This is Sandra Tsing Loh with The Loh Life. Today's topic: Mrs. Mr. Mom. Part Two: Keep House Like A Man.
Perhaps you are a woman sick to death of doing more housework than your husband, even in this post-feminist 21st century, and if so, Blogger Bitch Ph.D. knows your pain.
She doesn't advocate the traditional quote-unquote "housework strike" to get your man to shape up, oh no. She says:
"Go ahead and do what needs to be done. But let him know what you are doing every damn step of the way, and let him know that it pisses you off. 'I've just gotten home from work, it's nice to see you're home earlier than I am. Oh, and I'll pick up your coat from the floor and hang it up. I see there's no dinner started, I'll just get on that, shall I? First, though, I'll clear the mail off the dining room table where you seem to have dropped it.
OK, now I'm going to go into the kitchen to get a sponge to wipe off the table, which I see hasn't been wiped since breakfast.'"
What always draws my admiration is she's not just clearing the mail away, but actually wiping the table! Radical feminists are always so impressively and tragically tidy.
Whereas I myself think the solution for today's frenetically multi-tasking women is so simple. The family, the work, yes you can have it all if you keep house like a man.
The truth is, my musician husband is a much better homemaker than me; he cooks, shops, does the laundry. He's from South Dakota. He even makes jam! Sadly, Mike is away, so at home it has just been my latchkey children and their distracted writer mom who parents like a dad – or as I like to call myself, "Mrs. Mr. Mom."
When my brother and I, two Mr.
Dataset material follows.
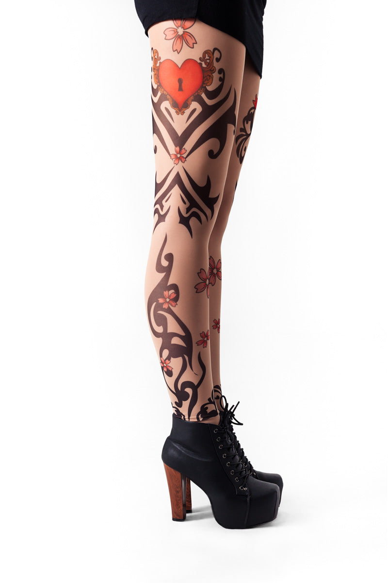 Legginsy z tatuażem HEART & KEYS

Moms, were briefly tending five children between us, I'd toss the laundry up to the landing and the children would fish out and place their own laundry in grocery bags with their initials on them. Or not. Each kid also got one plastic, color-coded Ikea plate per day. If a plate has just got toast crumbs on it, it's doesn't technically need a rinse. Save the planet, man!
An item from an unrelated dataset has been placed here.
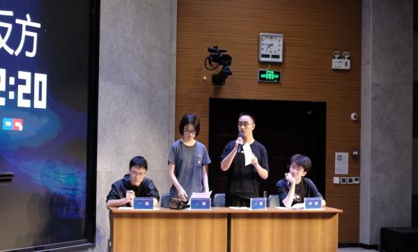 辩论赛由本学期选修“批判性与创新性思维导论”课程的8位同学组成辩论队,对论题“躺平会让人生活更轻松/不轻松”展开辩论。该辩题是对当前社会现象的反思,对学生的批判性与创新性思维培养提供了一次综合的思维与表达训练。正方辩手和支持正方的同学们身穿白色或浅色上衣,反方辩手和支持反方的同学们身穿黑色或深色上衣,分列左右两边就座。辩论结束后,观众席的同学如果被对方辩手说服,就更换座位区以表明自己的立场,以此作为胜负方的判断依据。这是本次辩论赛的一个创意,观众与老师共同担任评委,共同对辩论赛展开思考与评价。西安交通大学人文学院教授、“国运杯”辩论赛负责人、中华名辩盟副会长韩鹏杰,人文学院副院长、“批判性与创新性思维导论”课程负责人王伟担任评委。

But now I'm in a one story house – even easier! Now I just take the laundry 15 steps to the living room, hurl it on the couch and have my kids fish out fresh undies from their horn of laundry plenty every morning. Indeed, a really smart mom would just fling all the clothes into the minivan, so those kids could self-dress on the way to school. Chests of drawers, why do we have these? It's an oppressive capitalist plot, by the makers of, of, of, of furniture! Socks, too. Do children really need all these? Just a question.